Task to complete: With the pictures left out, restate exactly the part below that opens with the line containing "Note: If the" and closes with the line containing "Продаётся 1-комн. квартира".

Dataset records:
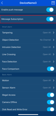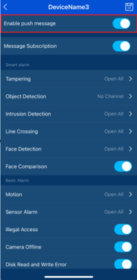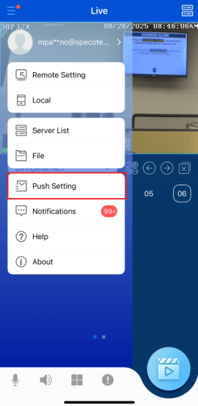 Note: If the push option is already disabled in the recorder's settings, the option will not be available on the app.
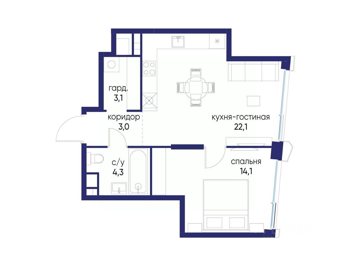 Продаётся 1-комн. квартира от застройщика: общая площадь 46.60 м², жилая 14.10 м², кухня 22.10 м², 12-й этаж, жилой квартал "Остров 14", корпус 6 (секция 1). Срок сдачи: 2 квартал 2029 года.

---

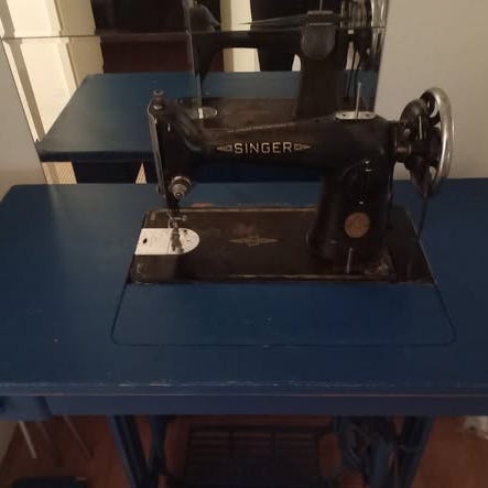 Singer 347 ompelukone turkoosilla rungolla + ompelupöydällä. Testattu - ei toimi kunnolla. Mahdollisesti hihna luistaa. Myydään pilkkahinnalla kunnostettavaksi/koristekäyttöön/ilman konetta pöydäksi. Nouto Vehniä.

Task response:
 Note: If the push option is already disabled in the recorder's settings, the option will not be available on the app.
 Продаётся 1-комн. квартира от застройщика: общая площадь 46.60 м², жилая 14.10 м², кухня 22.10 м², 12-й этаж, жилой квартал "Остров 14", корпус 6 (секция 1). Срок сдачи: 2 квартал 2029 года.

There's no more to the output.